- Desktop screenshot of macOS Golden Gate
- Developer: Apple
- OS family: Mac; Unix, based on Darwin (BSD);
- Working state: Current
- Source model: Closed, with open source components
- General availability: September 14, 2026; 13 days ago
- Latest release: 27.0 (September 14, 2026; 13 days ago) [±]
- Latest preview: 27.2 beta 2 (September 21, 2026; 6 days ago) [±]
- Update method: Software Update
- Supported platforms: ARM64 (Apple silicon)
- Kernel type: Hybrid (XNU)
- License: Proprietary software with open-source components and content licensed with APSL
- Preceded by: macOS Tahoe
- Official website: apple.com/os/macos
- Tagline: More personal. More refined.

Support status
- Supported

Articles in the series

= MacOS Golden Gate =

2026 operating system version

macOS Golden Gate (version 27) is the twenty-third major release of Apple's macOS operating system. The successor to macOS Tahoe, it was announced on June 8, 2026, at WWDC 2026, and it was released on September 14, 2026. It is the first version of macOS to run exclusively on Macs with Apple silicon and the last version with full Rosetta 2 functionality.

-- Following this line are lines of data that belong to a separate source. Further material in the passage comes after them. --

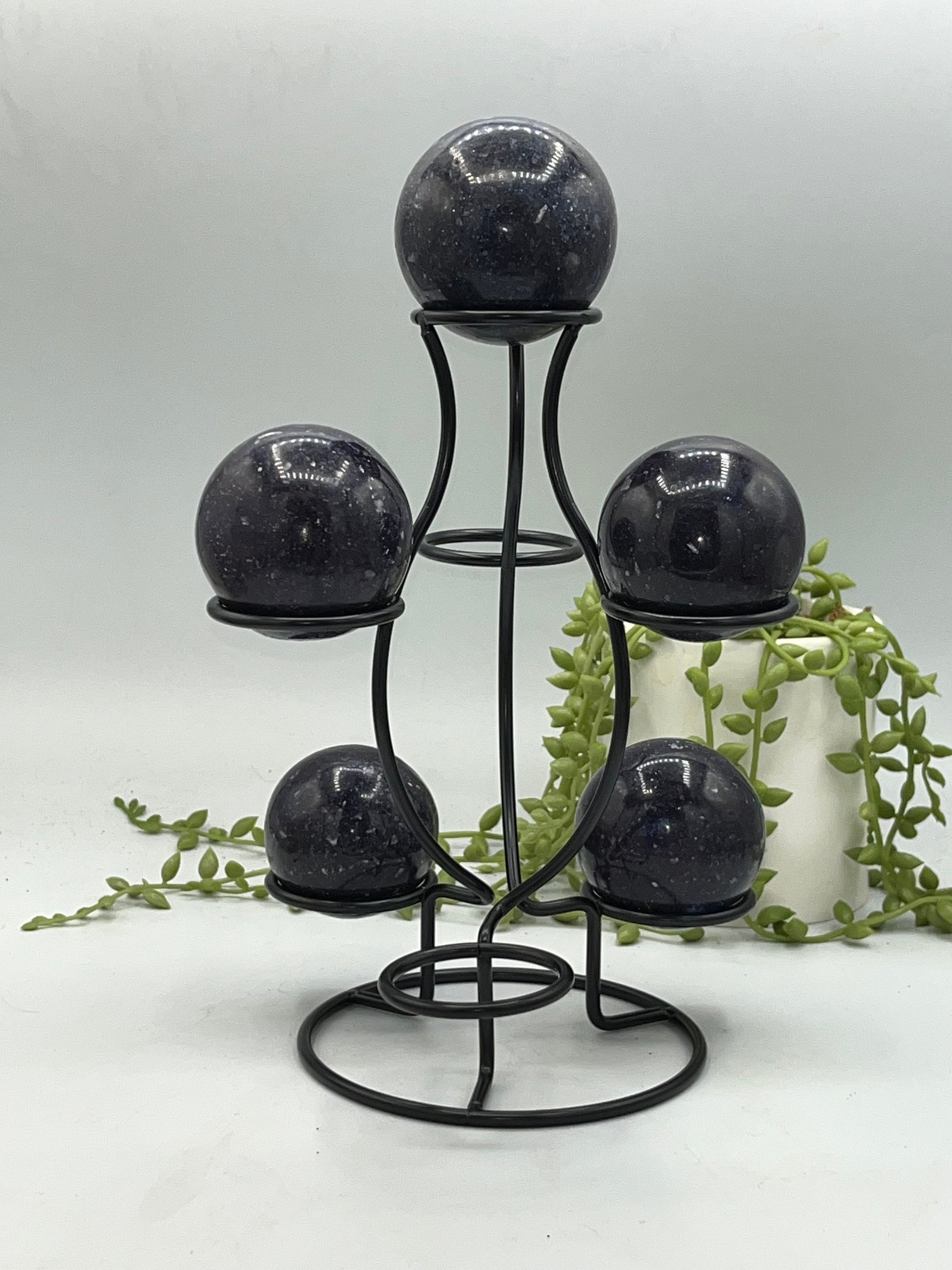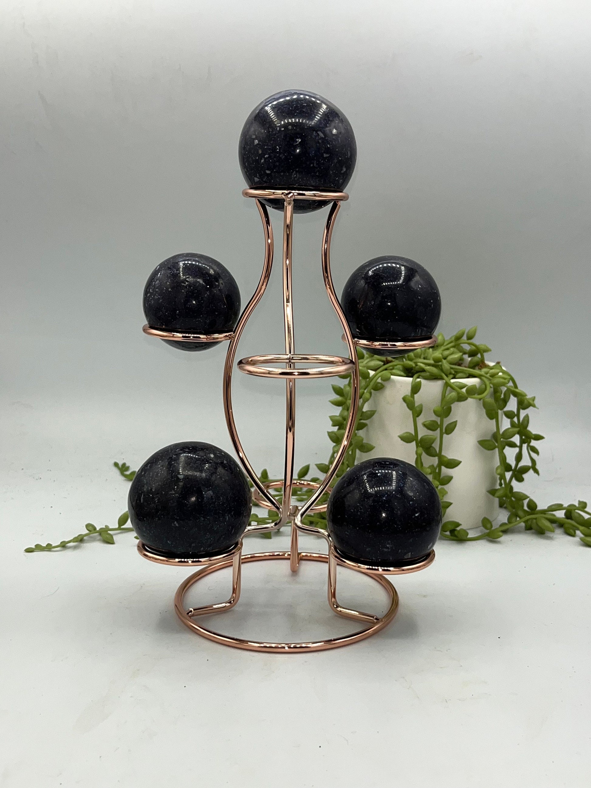 Beautiful and study 7-ornament/sphere display stand, for up to 70mm spheres, in either a gold, rose gold, black or silver finish.
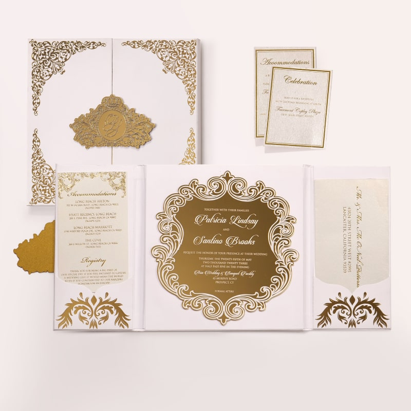 Include:1-2mm thickness acrylic card+envelope+Wax Seal+rsvp card
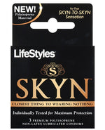 Height: 4.000Length: 2.750Diameter: 1.000SKYN Premium Polyisoprene Lubricated Condoms are made with SKYNFEEL material, a non-latex material that feels soft and natural, and provide an extraordinary sensitivity.SKYN Condoms deliver ultimate sensitivity in a breakthrough polyisoprene non-latex material. Clinically proven to enhance sensation. Soft and flexible for a more pleasurable and ergonomic fit . Natural color. 3 condoms per box.SHIP FROM : USASHIP TO : USA, CANADA
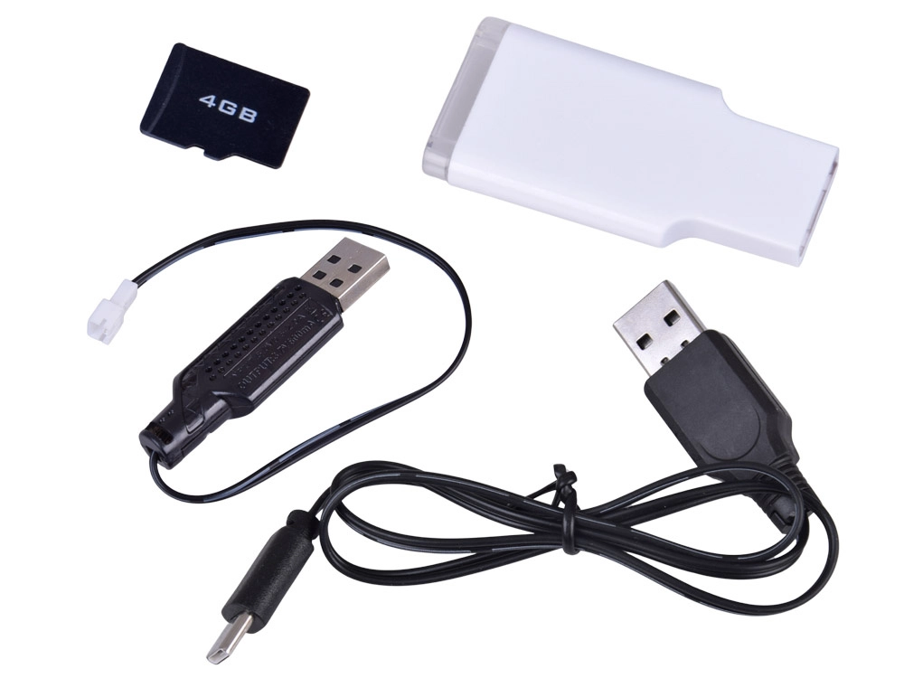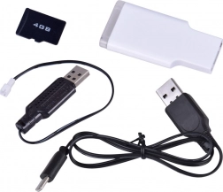 RC autó, kijelzős vezérlő joystickokkal, USB kábel az autóhoz, USB kábel a vezérlőhöz, 4 GB microSD kártya olvasóval, csavarhúzó
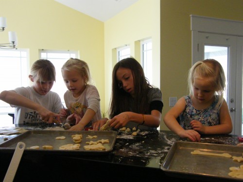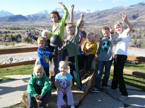 After reading the article I was reminded of our latest day off from school: we’d spent most of it with our cousins.  My SIL and I enjoyed the 12 kiddos that day by taking them on a windy hike up Memorial Hill.  Afterwards we ate lunch and they rolled out sugar cookie dough, cut out favorite shapes and made their own creations.  We inserted younger cousins between the older ones and found that they were not only helping eachother, but finding some great fun creating together.  They finished off the excitement with a football game out on the lawn (the first for several of them).
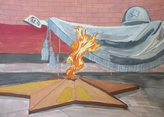 Работа выполнена после посещения Красной площади и Александровского сада вместе с родителями и изучения подвига наших солдат во время Великой Отечественной войны. Работа выполнена на бумаге А3 красками гуашь.
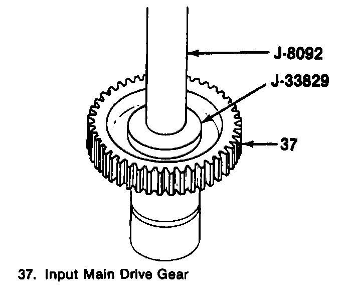 17. Pilot bearing (35) into the input gear (37), using J-33829 and J-8092. Press the bearing until the tool bottoms out.

It is named after the Golden Gate, a strait between the Presidio of San Francisco and the Marin Headlands, which connects the San Francisco Bay and the Pacific Ocean.

== Development ==
The development of the then-unnamed macOS 27 was confirmed by Apple at Worldwide Developers Conference (WWDC) 2025 during its Platforms State of the Union event when it outlined the conclusion of the Mac transition to Apple silicon. Apple stated that macOS 27 would drop support for Intel processors and be the last version with full Rosetta 2 functionality.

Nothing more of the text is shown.